Nigeria’s Food Supply Improved, But Its Farmers Are Bleeding

Nigeria’s Agriculture Recovery in 2025: Progress With Deep Fault Lines
A Year That Looked Better on the Shelf
AFTER the acute food shortages and record inflation spikes that defined 2024, Nigeria’s agriculture sector entered 2025 on the back foot but exited it with measurable improvements. Markets from Lagos to Katsina saw fuller stalls, better crop availability, and price moderation across staples that had previously been priced beyond the reach of ordinary households. Rice, maize, cassava, sorghum, millet, yam, cowpea and wheat all recorded stronger outputs, driven by expanded cultivation during the wet season and renewed urgency among farmers reacting to 2024’s severe under-supply. For consumers, the recovery felt real: tomato prices stabilised, cassava products softened, and many tubers sold at nearly 50% of their 2024 retail value.
Yet on the farm side of the value chain, the story is far less celebratory. While increased supply cooled consumer prices, it also cooled farmgate earnings, revealing a structural imbalance that once again left rural producers subsidising affordability without sharing in prosperity. The very success that steadied markets created financial strain for those who supplied them.

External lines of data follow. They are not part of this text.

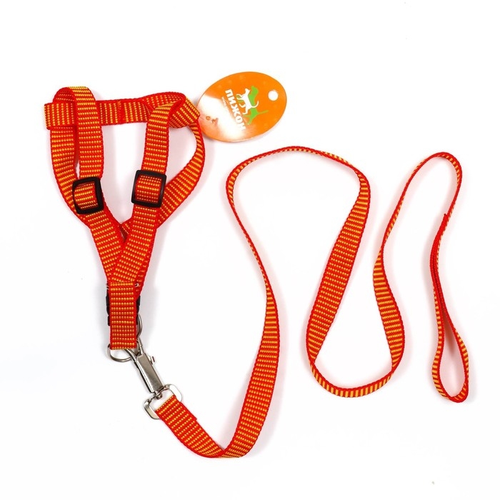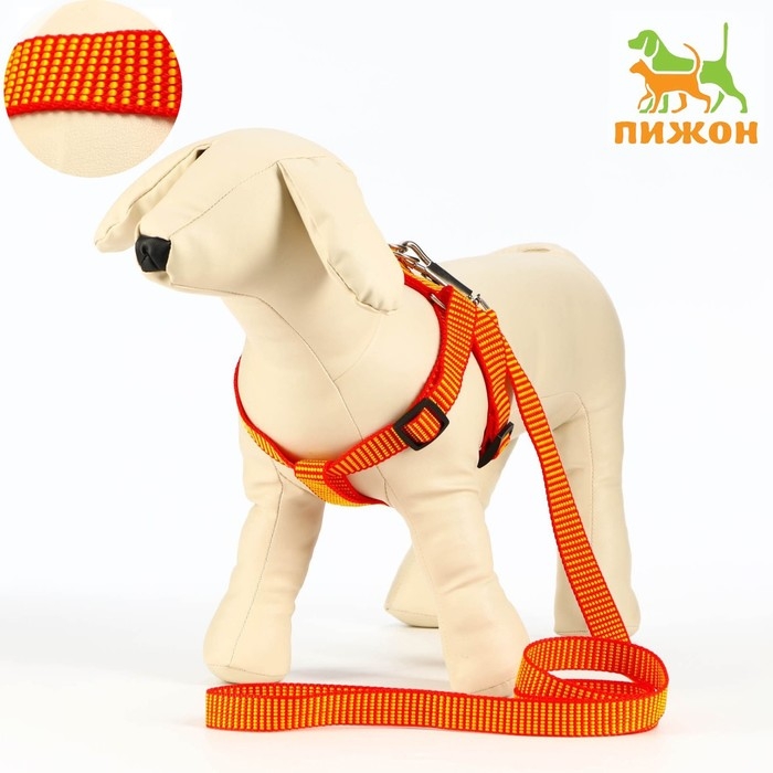 Комплект амуниции рельефный, 2 см, поводок 120 см,красно-жёлтый
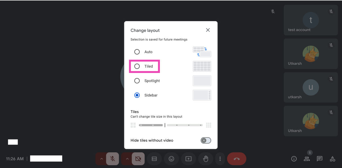Tiled:これは、Google Meetで最も人気のあるレイアウトオプションの1つです。すべての参加者のビデオフィード用の小さなセルを作成し、画面にそれらを一緒に表示します。これは、すべての参加者を一度に表示するための理想的なレイアウトです。メイン画面で最大49人の参加者を同時に表示できます。
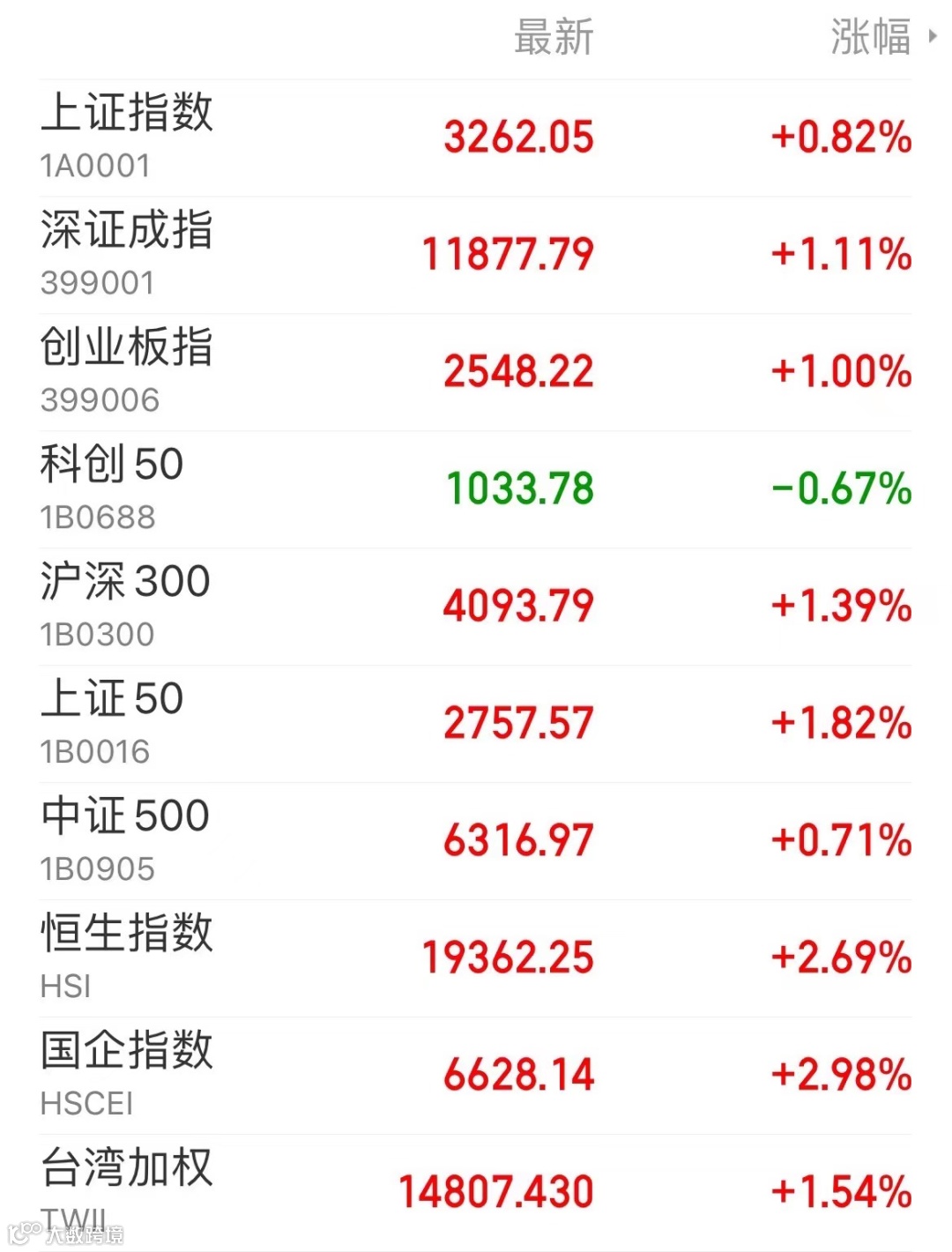 1、A股:A股节前红盘收官,金融、消费等权重股回暖,光伏、半导体等赛道股集体回调。北向资金跑步进场,但市场量能未见明显放大,假期效应凸显。截至收盘,上证指数收涨0.82%报3262.05点,深证成指涨1.11%,创业板指涨1%,万得全A涨0.73%,万得双创涨0.06%;市场成交额7798.1亿元。牙科医疗板块大涨,通策医疗等多股涨停,医疗服务板块受提振。本周,上证指数累计涨2.37%,终结周线三连阴;创业板指涨0.6%。
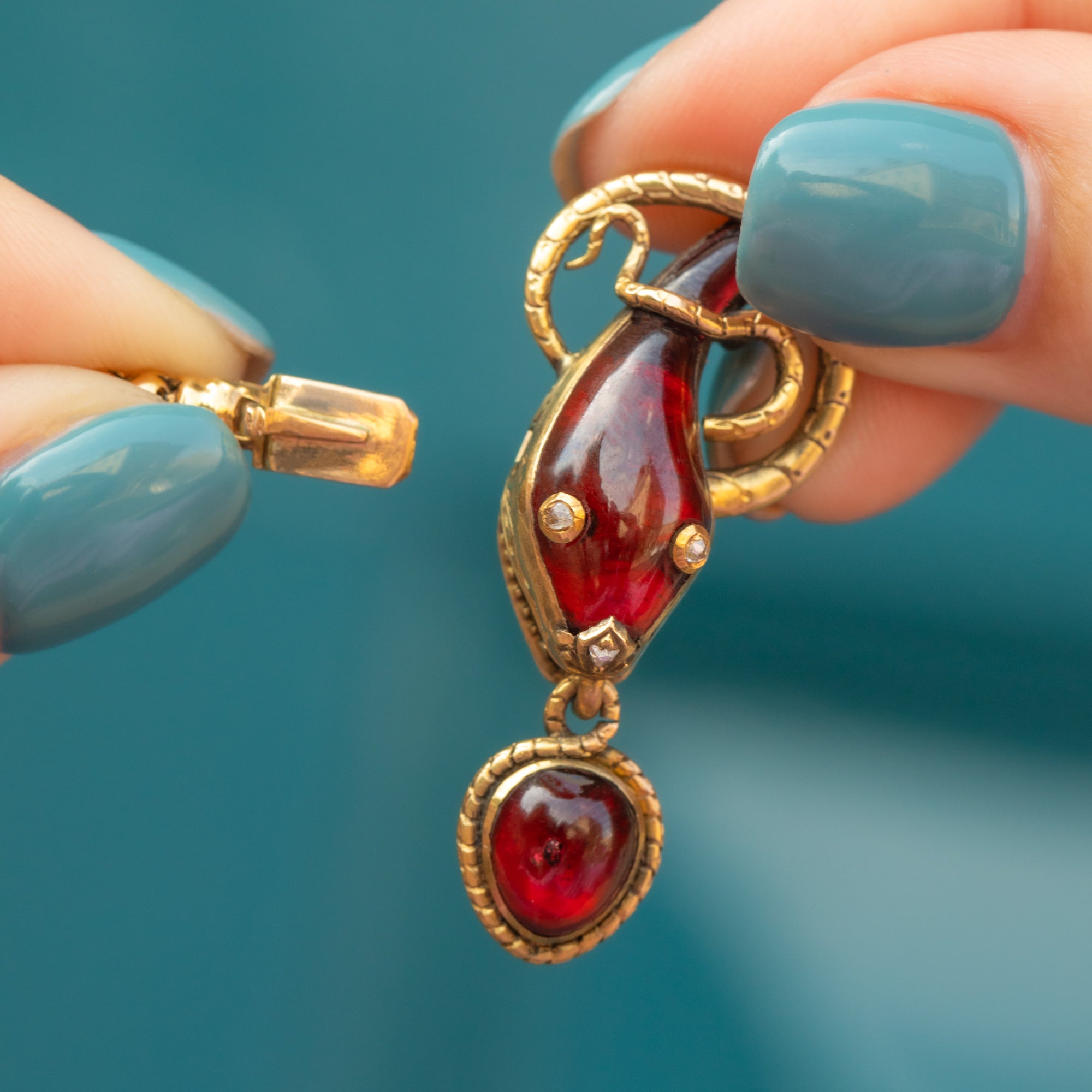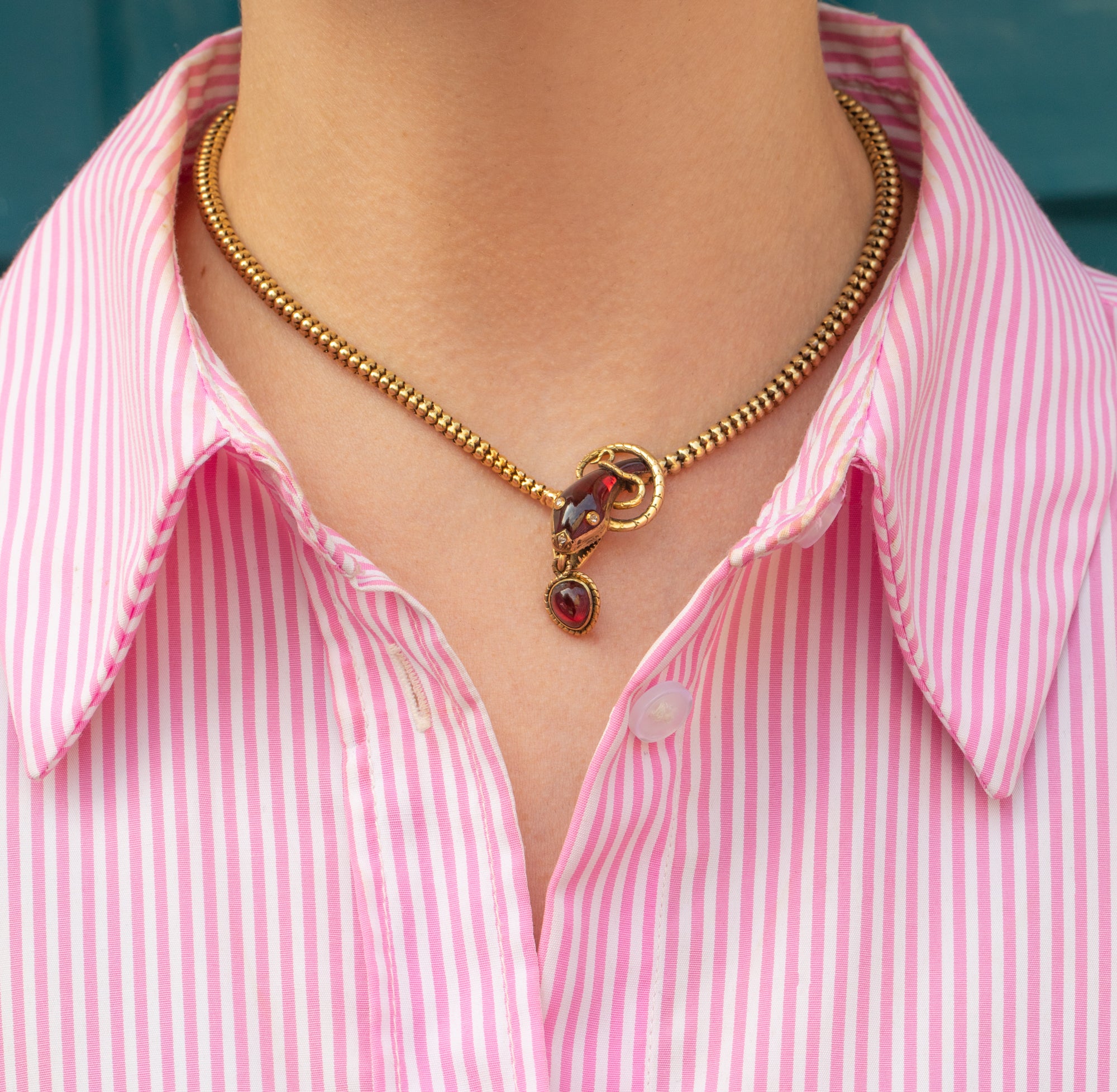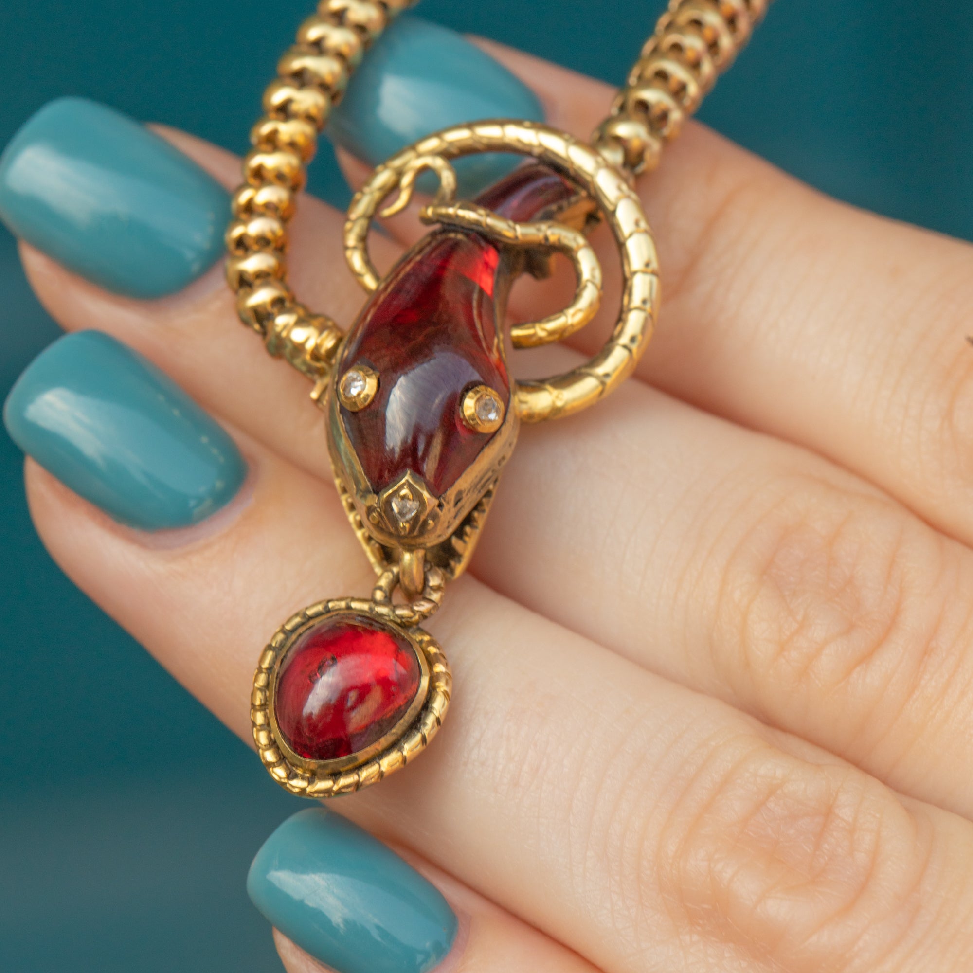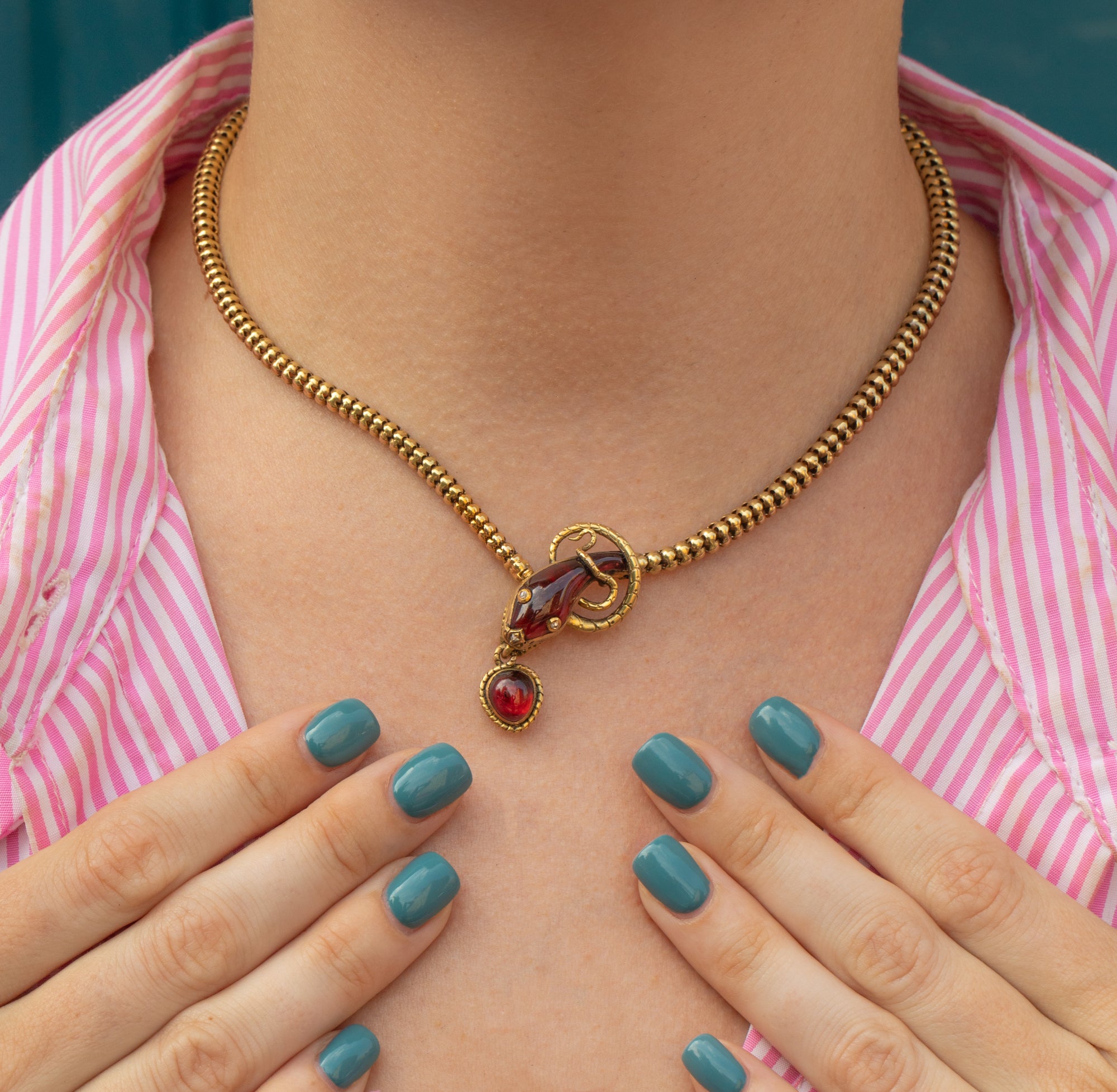 EXCELLENT. This Victorian 18ct Gold Garnet snake necklace is in excellent condition, especially when considering her grand age! The necklace has very little wear to note overall, only a single small scratch! The Garnets are bright and punchy, securely set and have a gorgeous subtle variation in hue. The clasp slides securely into the side of the snake's head creating a seamless piece.
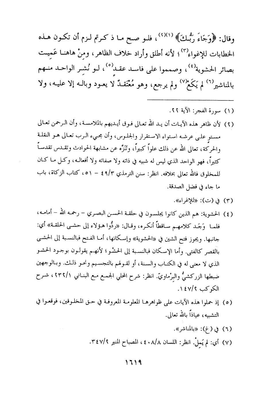 (¬٤) الحشوية: هم الذين كانوا يجلسون في حلقة الحسن البصري - رحمه الله - أمامه، فلما وَجَد كلامهم ساقطًا أنكره، وقال: "ردُّوا هؤلاء إلى حشى الحلقة" أي: جانبها. ويجوز فتح الشين في "الحشوية" وإسكانها، أما الفتح فبالنسبة إلى الحشى بالقصر كالفتى. وأما الإسكان فبالنسبة إلى الحشْو؛ لأنهم يقولون بوجود الحشو الذي لا معنى له في الكتاب والسنة، أو لقولهم بالتجسيم ونحو ذلك. وبالوجهين ضبطها الزركشيُّ والبِرْماويّ. انظر: شرح المحلي الجمع مع البناني ١/ ٢٣٢، شرح الكوكب ٢/ ١٤٧.

Government Intervention: Bigger Budgets, Mixed Delivery
Public involvement in agriculture expanded in 2025, supported by a sharp rise in federal budgetary allocation to over ₦800 billion, signalling stronger political prioritisation of food security, mechanisation, and farmer support. The flagship National Agricultural Growth and Agro-Pocket Project (NAGS-AP) dry-season wheat programme targeted tens of thousands of farmers, with an estimated output value of ₦160 billion. Stakeholders acknowledged that where inputs such as fertilisers and improved seeds reached farmers early, results followed. The programme, respondents said, proved that Nigeria can deliver production gains when support is timely, coordinated, and tangible.
Beyond input subsidies, efforts to modernise sector data also intensified. The Farm Family Census, Tractor Census and a drive toward a unified digital farmer registry were described as critical steps toward transparency, better credit targeting, insurance planning, and improved extension services.
But interviews show delivery remains uneven. Smallholder farmers—who account for the bulk of Nigeria’s domestic food production—reported that support from associations and government programmes is still inconsistent, unpredictable and insufficient to absorb economic shocks.
The Fragility Problem: Security and Input Costs
Two issues tower above all others as existential threats to sustainability: insecurity and input inflation. Multiple stakeholders warned that while 2025 brought modest recovery, the gains remain fragile because farming communities remain vulnerable. Kidnapping, armed clashes, and restricted access to farmlands and forests in parts of the North-Central and South-South continued to shrink safe production zones. At the same time, the cost of seeds, fertilisers, pesticides, veterinary services, and machinery maintenance remained prohibitively high.
Prince Oyedele Oyetunde, Editor-in-Chief of Farmers Choice Magazine, described 2025’s production performance as encouraging but warned that the momentum will reverse without long-term structural protection. “Nigeria improved supply,” he noted, “but we are still ignoring producer survival.”
The National Cotton Association (NACOTAN) also underscored agriculture’s continued dominance, estimating sector GDP contribution at 30% in Q3 2025. Eliakim Integrated Services Ltd’s COO, Austine Olatujoye, said growth rose from 0.07% in Q1 to 3.79% in Q3, with the sector accounting for 26.8% of total GDP.
But for Yinka Adesola of the shea and commodity value chain community, 2025 was financially catastrophic. She blamed import-driven tariff waivers for crashing prices, erasing rural investments and threatening future planting cycles. “A harvest year can still bankrupt farmers,” she said, “if policy protects importers more than producers.”
HMO-Style Pricing for Farmers: Upgrade or Collapse
Like Nigeria’s strained health-insurance ecosystem, agriculture in 2025 created a two-tier reality. Farmers who wanted moderate stability had to “upgrade” into expensive input packages, increasing production costs by 30–40%, yet reimbursement for those investments remained low. Many producers could not recover costs for even the most common illnesses of agriculture—input inflation.
Northern tomato farmer and NATPAN secretary, Sani Danladi, summed it up best: “Public hunger complaints fell, but farmer satisfaction fell faster.”
Sector Scorecard: Stabilisation Without Safety Nets
The year closed with stakeholder recovery ratings ranging from 5.5 to 6 out of 10—a sign of stabilisation but not structural health. Poultry Association President, Sunday Ezeobiora, praised solar adoption, climate-smart agriculture and backward integration into local raw-material sourcing, but also warned that resilience is not a substitute for security.
Nigeria’s agriculture recovery is measurable. Its sustainability is not guaranteed.